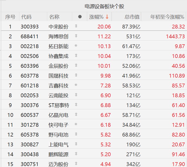 电源设备股集体走强,中来股份20%涨停
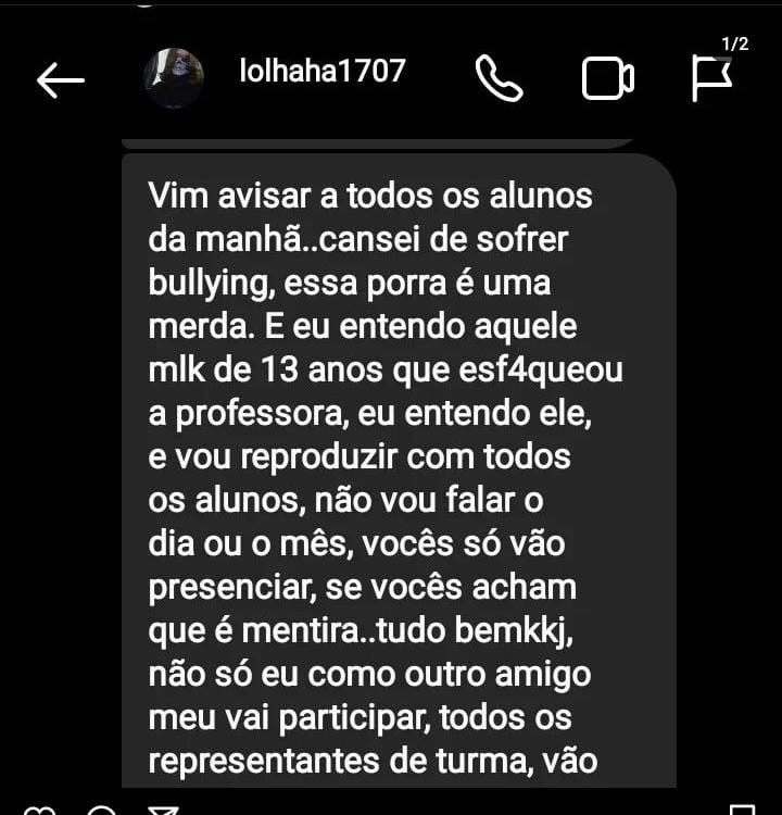 Pais voltaram à escola para buscar seus filhos depois da repercussão nas redes sociais sobre um possível ataque que seria realizado hoje. “Vim avisar a todos os alunos da manhã.. cansei de sofrer bullying, essa porr* é uma merda. E eu entendo aquele mlk de 13 anos que esf4aqueou a professora, eu entendo ele, e vou reproduzir com todos os alunos”, diz uma das mensagens compartilhadas.
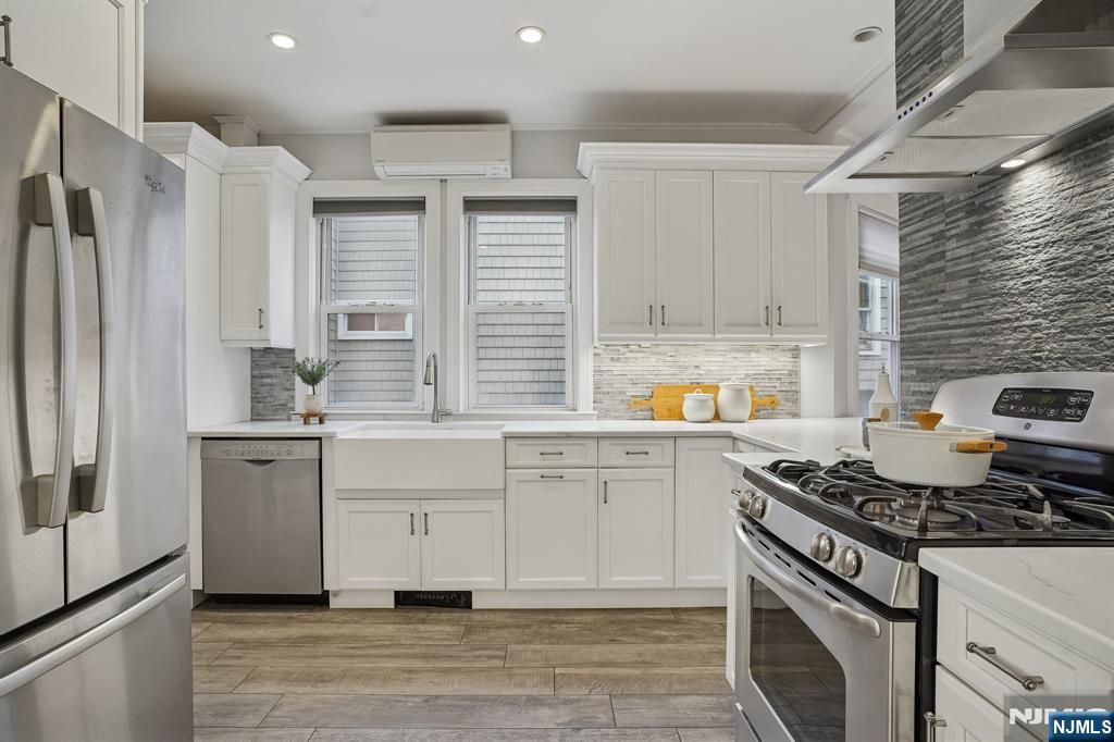 Investor or owner occupant opportunity. This well maintained 2 family home offers classic character with thoughtful updates and beautiful front porch. Located on Ridge Road, this property is close to downtown Rutherford’s shops, restaurants, and transportation. Each unit features 3 bedrooms and 1 full bath,ideal for rental income or multi generational living.The second floor includes an ornamental fireplace.Both apartments offer separate utilities and private front and rear entrances, plus separate laundry. Large unfinished basement and attic provide potential to create additional living space and maximize value.1st floor has split system a/c, while the 2nd floor uses window units. The home is fully gas with vinyl siding, a long driveway for off street parking, and a sprinkler system in the front and rear yards. The second floor tenant is month to month and willing to sign a long term lease, or the home can be delivered vacant. Rare opportunity to find a multi of this size, location & long term potential.
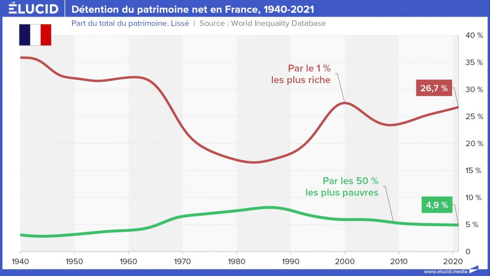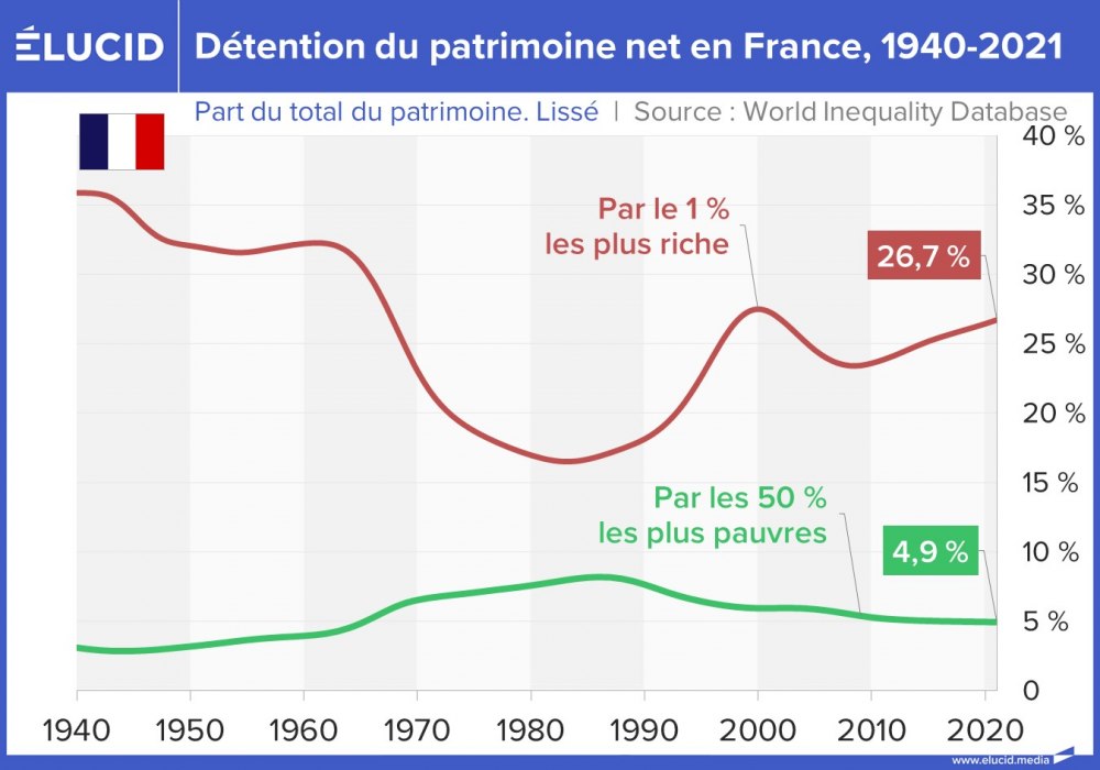Cette différence de rendement est fondamentale : c’est ce qui explique l’enrichissement continu des capitalistes, puisque les politiques fiscales des 30 Glorieuses ont cessé de corriger cette inégalité structurelle. La part du patrimoine détenu par les plus riches augmente donc sans cesse, creusant ces inégalités :
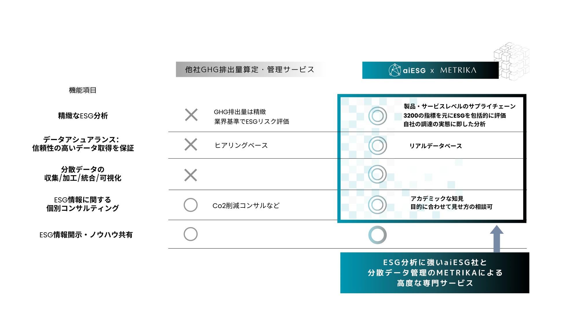 ESG定量評価を行う九州大学発スタートアップの株式会社aiESG (本社:福岡市博多区、代表取締役:馬奈木 俊介/以下「aiESG」)と、分散データ分析基設計・構築を支援するデータソリューションカンパニーの株式会社METRIKA(メトリカ)(本社:東京都渋谷区、代表取締役:小林 凌雅/以下「METRIKA」)は、ESG(環境・人権・ガバナンス)への関心の高まりに伴い、信頼性の高い精緻なESG評価サービスを提供するために協業いたします。国際的なサステナビリティ基準への迅速な対応に追われる企業の工数削減、効率化を目的とし、企業内に分散する膨大なデータの収集・統合から、学術的根拠をベースとした定量的ESG分析まで、一貫したサービスをご提供いたします。
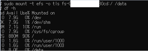 $ sudo mount -t efs -o tls fs-0144444444444:/ /data
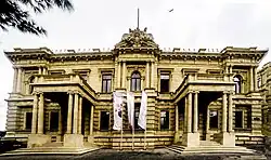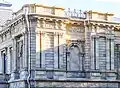 Facade on the side of Niyazi street and specially mentioned and not deep avant-corps which has three axis are divided into two floors with stylobates which are profiled through the whole corps. The central axis is striking with small dome as well. The whole composition of the façade is enriched with lightweight loggia-porticoes of the Ionic order, which is particularly noticeable. This method led to the creation of a composition with landscape. The classic forms of the columns of the visible portico, corinthian order of the avant-corps, the profiles of window frames, and construction of first floor from deep and second floor of lightweight stones creates plastic composition.[7] The palace has unique properties for buildings similar to other building in Baku. In the 1930s, the reconstruction of the land was completed. The volume of the palace was included in the reconstructed garden composition by architect K. İ. Senchikov, which created a whole ensemble.[11]
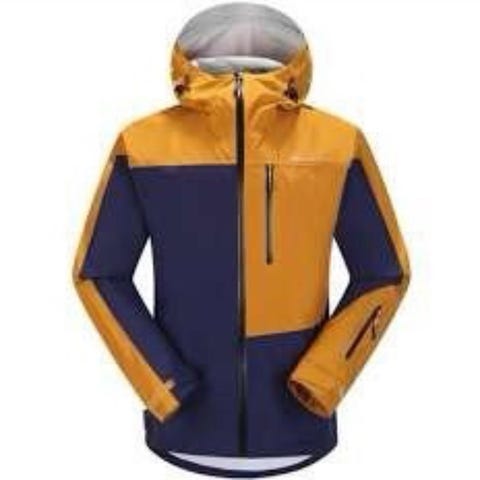 Salomon jakke for herre i blå farge. Jakken har hette, hel glidelås i kontrastfarge foran og flere glidelåslommer på bryst og sider. Ermene har justerbare avslutninger og tommelhull i mansjettene. Egnet som ytterjakke til utendørsaktiviteter og fritidsbruk.
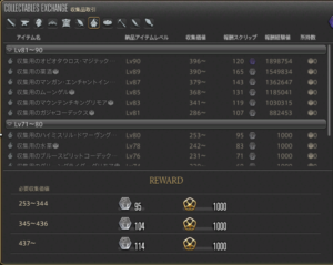 またクラフターのレベリング過程でドワーフ族クエストや蒼天街復興を行っていた場合は、ドワーフ緑硬貨や蒼天街振興券と交換でエクスマテリジャを入手できます。
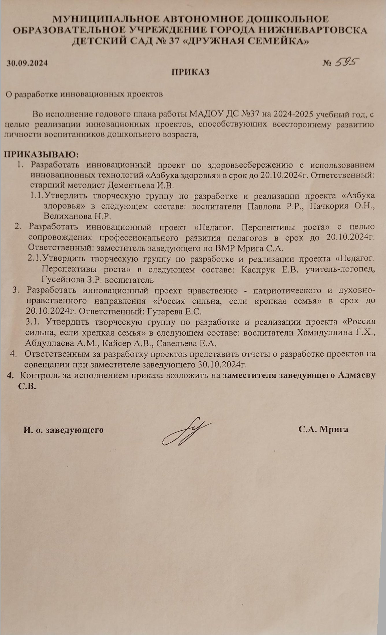 Приказ №595 от 30. 09 2024 г. "О разработке инновационных проектов "(Просмотр)
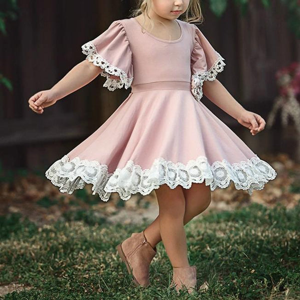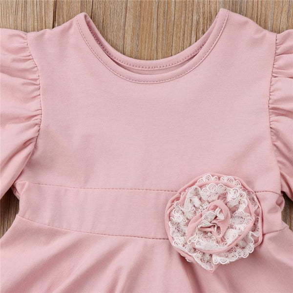 Girls Lace Princess Dress Trumpet Sleeve Three-dimensional Flower Dress, Kid size:130cm(Pink)
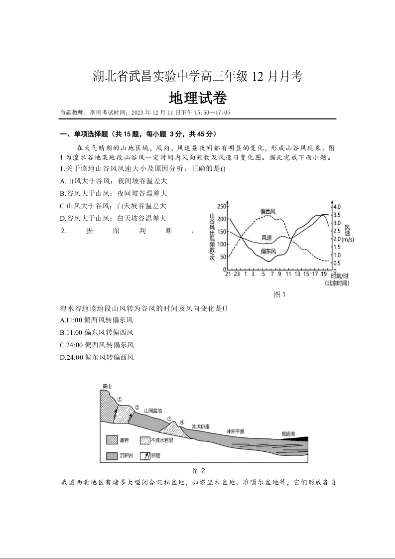 湖北省武昌实验中学2024届高三上学期12月月考地理+答案
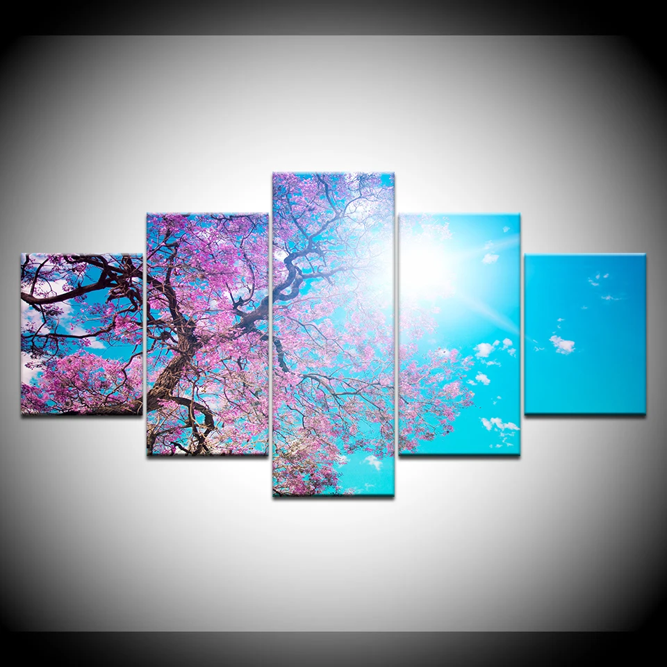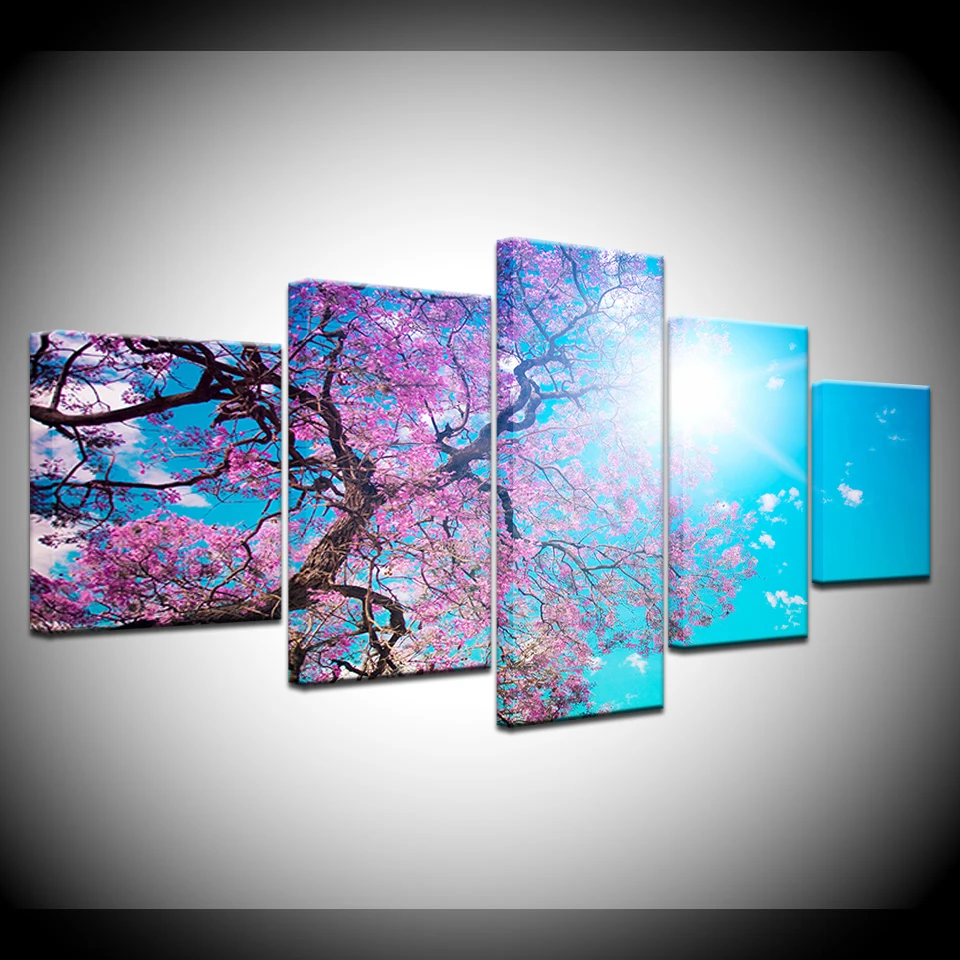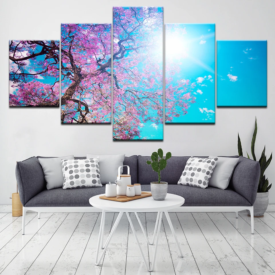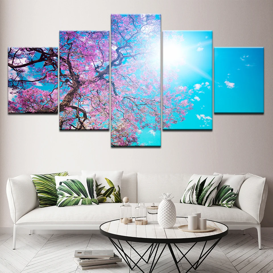 5 шт., скандинавские красивые блики, вишневые деревья, цветы, картина маслом, холст, настенное искусство, принт, украшение дома, модульная живопись

□ □ □

Where an entry holds an image, drop the image and copy the remaining text exactly.

 电源设备股集体走强,中来股份20%涨停
 Pais voltaram à escola para buscar seus filhos depois da repercussão nas redes sociais sobre um possível ataque que seria realizado hoje. “Vim avisar a todos os alunos da manhã.. cansei de sofrer bullying, essa porr* é uma merda. E eu entendo aquele mlk de 13 anos que esf4aqueou a professora, eu entendo ele, e vou reproduzir com todos os alunos”, diz uma das mensagens compartilhadas.
 Investor or owner occupant opportunity. This well maintained 2 family home offers classic character with thoughtful updates and beautiful front porch. Located on Ridge Road, this property is close to downtown Rutherford’s shops, restaurants, and transportation. Each unit features 3 bedrooms and 1 full bath,ideal for rental income or multi generational living.The second floor includes an ornamental fireplace.Both apartments offer separate utilities and private front and rear entrances, plus separate laundry. Large unfinished basement and attic provide potential to create additional living space and maximize value.1st floor has split system a/c, while the 2nd floor uses window units. The home is fully gas with vinyl siding, a long driveway for off street parking, and a sprinkler system in the front and rear yards. The second floor tenant is month to month and willing to sign a long term lease, or the home can be delivered vacant. Rare opportunity to find a multi of this size, location & long term potential.
Cette différence de rendement est fondamentale : c’est ce qui explique l’enrichissement continu des capitalistes, puisque les politiques fiscales des 30 Glorieuses ont cessé de corriger cette inégalité structurelle. La part du patrimoine détenu par les plus riches augmente donc sans cesse, creusant ces inégalités :
 ESG定量評価を行う九州大学発スタートアップの株式会社aiESG (本社:福岡市博多区、代表取締役:馬奈木 俊介/以下「aiESG」)と、分散データ分析基設計・構築を支援するデータソリューションカンパニーの株式会社METRIKA(メトリカ)(本社:東京都渋谷区、代表取締役:小林 凌雅/以下「METRIKA」)は、ESG(環境・人権・ガバナンス)への関心の高まりに伴い、信頼性の高い精緻なESG評価サービスを提供するために協業いたします。国際的なサステナビリティ基準への迅速な対応に追われる企業の工数削減、効率化を目的とし、企業内に分散する膨大なデータの収集・統合から、学術的根拠をベースとした定量的ESG分析まで、一貫したサービスをご提供いたします。
 $ sudo mount -t efs -o tls fs-0144444444444:/ /data
 Facade on the side of Niyazi street and specially mentioned and not deep avant-corps which has three axis are divided into two floors with stylobates which are profiled through the whole corps. The central axis is striking with small dome as well. The whole composition of the façade is enriched with lightweight loggia-porticoes of the Ionic order, which is particularly noticeable. This method led to the creation of a composition with landscape. The classic forms of the columns of the visible portico, corinthian order of the avant-corps, the profiles of window frames, and construction of first floor from deep and second floor of lightweight stones creates plastic composition.[7] The palace has unique properties for buildings similar to other building in Baku. In the 1930s, the reconstruction of the land was completed. The volume of the palace was included in the reconstructed garden composition by architect K. İ. Senchikov, which created a whole ensemble.[11]
 Salomon jakke for herre i blå farge. Jakken har hette, hel glidelås i kontrastfarge foran og flere glidelåslommer på bryst og sider. Ermene har justerbare avslutninger og tommelhull i mansjettene. Egnet som ytterjakke til utendørsaktiviteter og fritidsbruk.
 またクラフターのレベリング過程でドワーフ族クエストや蒼天街復興を行っていた場合は、ドワーフ緑硬貨や蒼天街振興券と交換でエクスマテリジャを入手できます。
 Приказ №595 от 30. 09 2024 г. "О разработке инновационных проектов "(Просмотр)
 Girls Lace Princess Dress Trumpet Sleeve Three-dimensional Flower Dress, Kid size:130cm(Pink)
 湖北省武昌实验中学2024届高三上学期12月月考地理+答案
 5 шт., скандинавские красивые блики, вишневые деревья, цветы, картина маслом, холст, настенное искусство, принт, украшение дома, модульная живопись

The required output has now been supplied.